A consequência prática: quando o tabuleiro está denso e vocês dois têm três soltos por aí, ser quem puxa o gatilho vale mais do que a posição. Se você enxerga um giro que dá linha para os dois, pegue; se enxerga um desses e não é a sua vez, não crie as condições para o adversário jogá-lo. Nossa simulação coloca esse caso abaixo de um décimo de um por cento das partidas, e por isso ele é enunciado como uma frase em vez de virar mecânica — mas quando aparece, é a rodada inteira.
Os cinco tabuleiros
Aperte S na tela de título para percorrê-los. Os pilares são blocos fixos que nunca se movem e que as peças não podem ocupar, e o que importa neles não é ocuparem espaço: uma faixa que contém um pilar se acomoda em duas partes em vez de uma. As peças se empilham contra um pilar exatamente como contra a parede, então um pilar permite estacionar uma peça no meio da grade em vez de sempre no extremo.
- Open — sem pilares. A versão mais pura, e aquela em que os giros são mais violentos, porque nada ancora nada. O melhor tabuleiro para aprender o hábito de leitura.
- Pillar — um pilar bem no centro. Corta as duas faixas centrais ao meio, o que discretamente faz do centro do tabuleiro o terreno mais disputado, como na maioria dos jogos de conexão.
- Pillars — dois pilares na diagonal. Cria duas zonas de empilhamento independentes por eixo; linhas que cruzam a diagonal são difíceis de manter, e as que correm ao lado dela são surpreendentemente estáveis.
- Slash — três pilares na diagonal. O tabuleiro mais estruturado. Quatros diagonais são bem mais fáceis aqui do que se espera, porque os pilares seguram peças em alturas que uma grade limpa jamais permitiria.

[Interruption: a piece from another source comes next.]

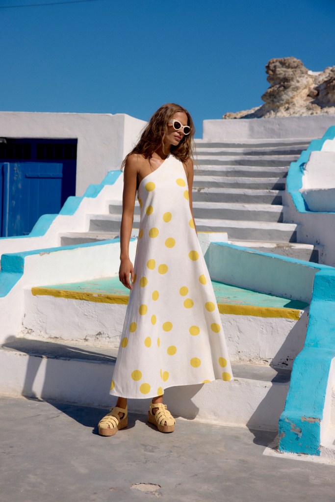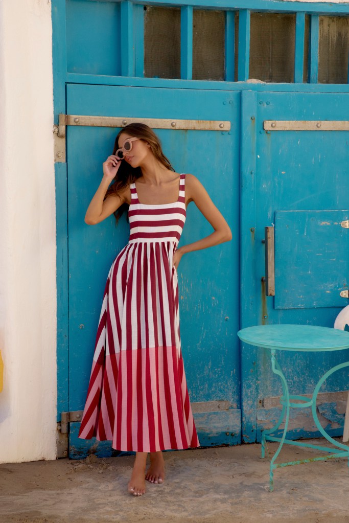 The Madison Dress in Paxi brings soft colour-block panels in Spritz Red and peach, creating an understated statement for days that start at brunch and end by the sea. Meanwhile, the Minka Mini Dress in Naxos revives a Zimi classic with its signature asymmetrical neckline, bridging that elusive day-to-night balance. For those who love a little playfulness, the Margot Mini Dress in Kimolos offers candy-striped charm with clean lines, perfect for coastal strolls and lazy weekend markets.

- Corners — quatro pilares, um perto de cada canto. É o tabuleiro em que nossos bots mais giram (cerca de um quarto de todas as jogadas), porque os bolsos dos cantos tornam o efeito de uma rotação o menos previsível possível.
O que medimos
Toda regra do Tilt foi escolhida a partir de uma simulação sem interface — bots de dois níveis dos dois lados, 1.200 partidas por tabuleiro — escrita antes de existir qualquer parte do jogo. Os números que ela produziu para as regras finais, nos cinco tabuleiros:
- O primeiro jogador vence 51,4 a 53,2 por cento, o segundo 45,9 a 47,8. As rodadas alternam quem começa, então essa vantagem residual se cancela ao longo da partida.
- Empates: 0,3 a 1,0 por cento. Encher um tabuleiro 7×7 sem nenhum quatro quase nunca acontece.
- Duração: 32,7 a 34,2 jogadas.
Algumas coisas que não foram lançadas, e por quê. O conceito original não tinha escolha alguma: você solta, e a gravidade gira automaticamente a cada turno. Aquela versão marcou 74 a 79 por cento para quem jogava primeiro, em partidas encerradas em umas dez jogadas, e nenhum tamanho de tabuleiro a salvou. Cinco em linha empatava 26,9 por cento das vezes; um tabuleiro 8×8 chegava a sessenta jogadas. Um tempo de recarga entre giros mexia no equilíbrio menos de um ponto, então foi removido por ser uma regra que precisava de explicação e não pagava nada.
Duas pessoas, um celular
Tilt é o único jogo da nossa coleção sem joysticks na tela, e isso é consequência de ser por turnos, não uma função que acrescentamos. Só um de vocês joga de cada vez, então os dois jogadores compartilham um único conjunto de controles e não há nada para dividir. Duas pessoas podem passar um celular por cima da mesa: toque numa faixa para soltar, toque num botão de giro para pré-visualizar, toque no mesmo botão de novo para jogar. Se é assim que vocês costumam jogar, nosso guia de jogos para dois no mesmo teclado cobre o resto da coleção, e as indicações de quebra-cabeças são os vizinhos mais próximos do catálogo.
Comece com Open no Normal até ler um tabuleiro girado deixar de parecer trabalho. Depois passe para Corners no Difícil e vá caçar a ameaça de duas jogadas.